● **Material provided**:
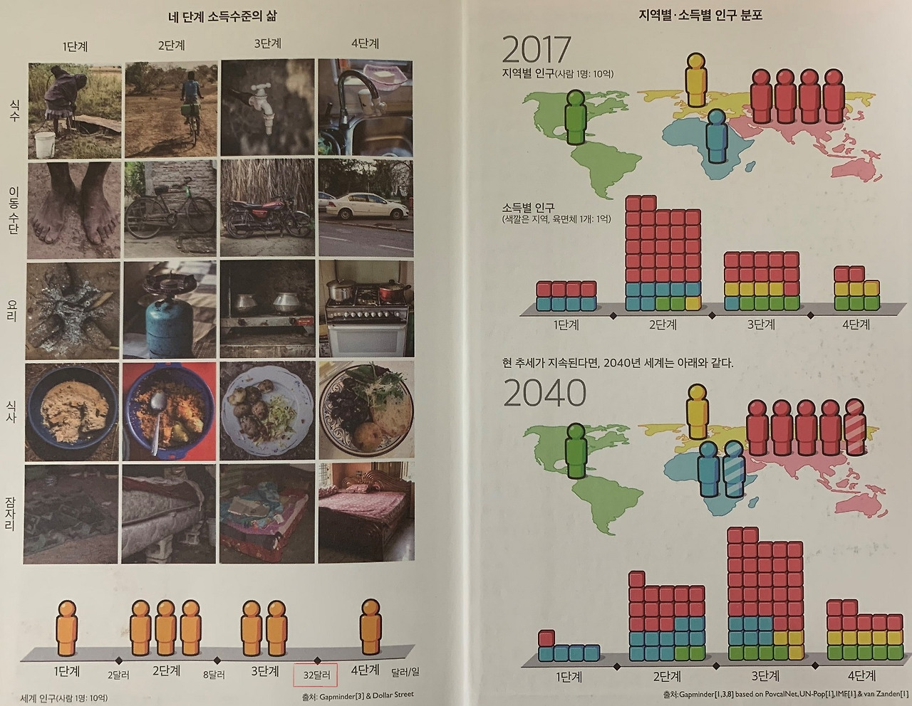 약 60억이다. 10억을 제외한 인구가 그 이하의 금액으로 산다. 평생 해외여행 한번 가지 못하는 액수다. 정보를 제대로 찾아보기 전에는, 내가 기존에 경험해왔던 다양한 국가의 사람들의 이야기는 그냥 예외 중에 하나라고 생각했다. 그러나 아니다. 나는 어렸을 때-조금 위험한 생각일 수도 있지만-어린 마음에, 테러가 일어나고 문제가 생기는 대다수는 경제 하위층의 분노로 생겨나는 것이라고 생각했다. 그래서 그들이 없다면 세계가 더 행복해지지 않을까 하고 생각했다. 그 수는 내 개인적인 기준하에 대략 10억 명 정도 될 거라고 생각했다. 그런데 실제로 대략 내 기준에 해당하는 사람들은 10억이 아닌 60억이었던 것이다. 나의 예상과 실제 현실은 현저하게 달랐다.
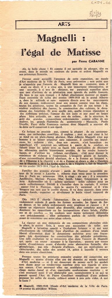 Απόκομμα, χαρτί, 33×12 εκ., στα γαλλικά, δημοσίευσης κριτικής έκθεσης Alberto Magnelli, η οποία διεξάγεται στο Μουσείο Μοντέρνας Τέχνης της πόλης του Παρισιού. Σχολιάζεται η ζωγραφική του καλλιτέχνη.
...
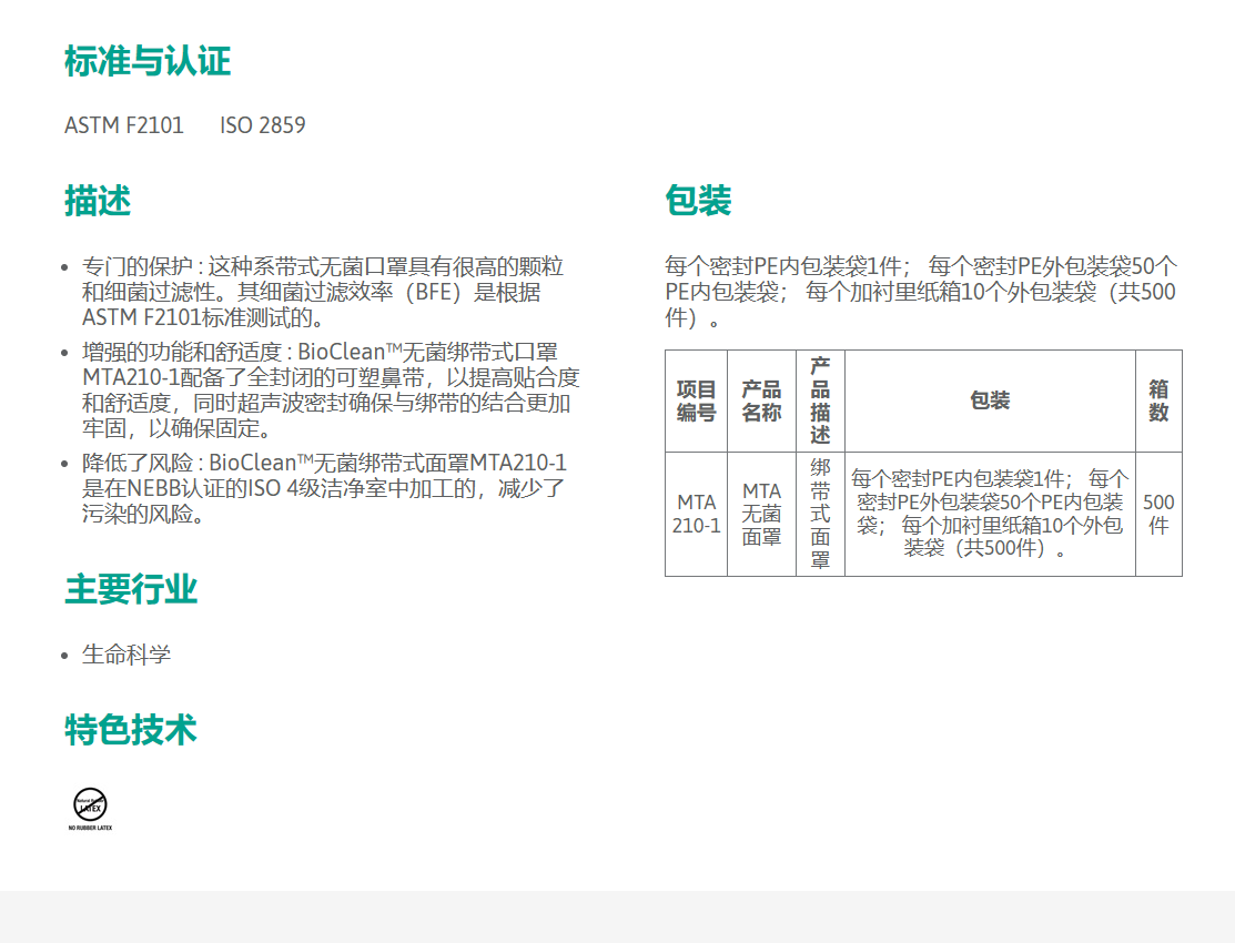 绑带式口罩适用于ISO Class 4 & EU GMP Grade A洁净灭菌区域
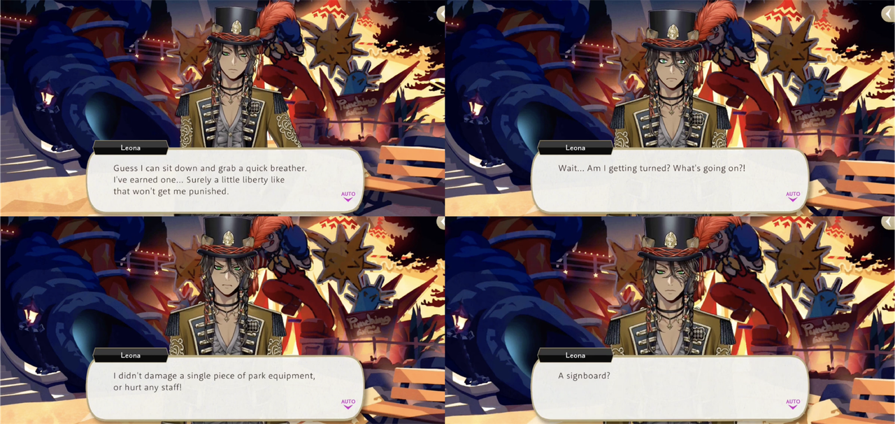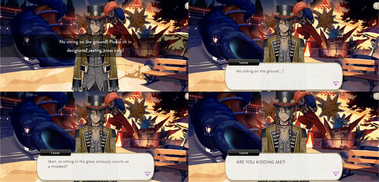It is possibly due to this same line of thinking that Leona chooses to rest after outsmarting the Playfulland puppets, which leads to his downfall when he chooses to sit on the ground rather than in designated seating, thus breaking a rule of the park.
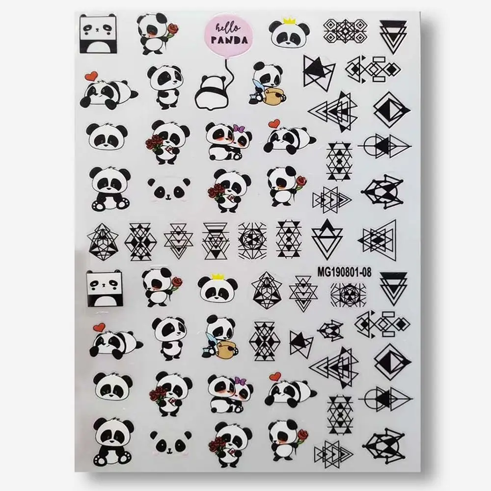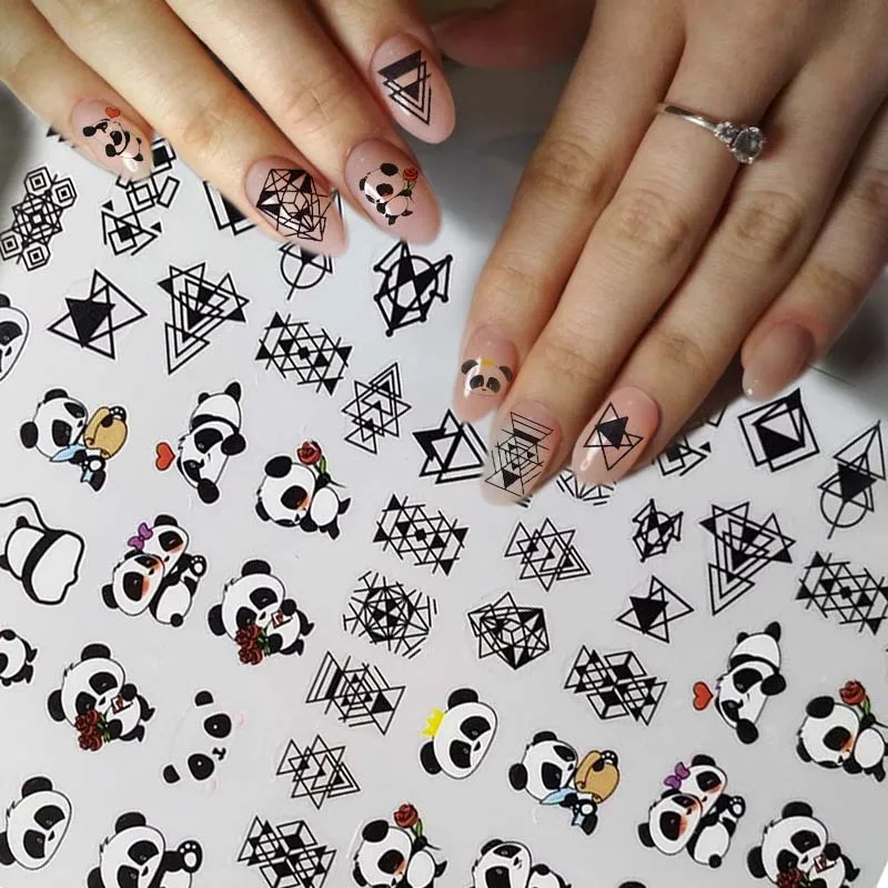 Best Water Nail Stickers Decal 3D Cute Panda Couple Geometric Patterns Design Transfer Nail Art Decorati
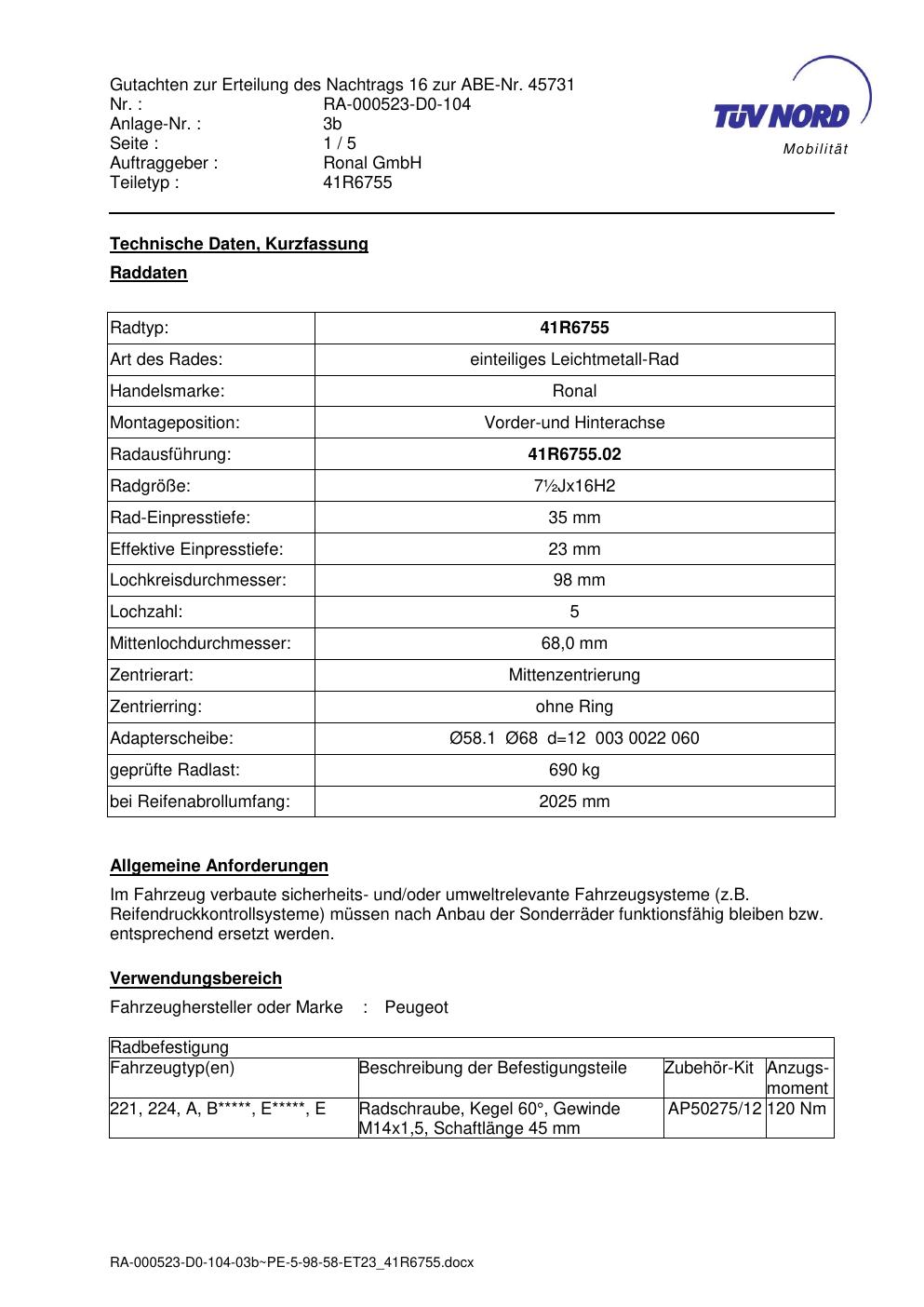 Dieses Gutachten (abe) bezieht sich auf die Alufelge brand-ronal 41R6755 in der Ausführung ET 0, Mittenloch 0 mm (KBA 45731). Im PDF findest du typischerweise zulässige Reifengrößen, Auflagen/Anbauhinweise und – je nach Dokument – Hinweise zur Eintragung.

● **Activity**:
Copy only what lies between the line with "Best Water Nail" and the line with "Dieses Gutachten (abe)", those two lines included, exactly as given above; pictures stay out.

● **Output of the task**:
 Best Water Nail Stickers Decal 3D Cute Panda Couple Geometric Patterns Design Transfer Nail Art Decorati
 Dieses Gutachten (abe) bezieht sich auf die Alufelge brand-ronal 41R6755 in der Ausführung ET 0, Mittenloch 0 mm (KBA 45731). Im PDF findest du typischerweise zulässige Reifengrößen, Auflagen/Anbauhinweise und – je nach Dokument – Hinweise zur Eintragung.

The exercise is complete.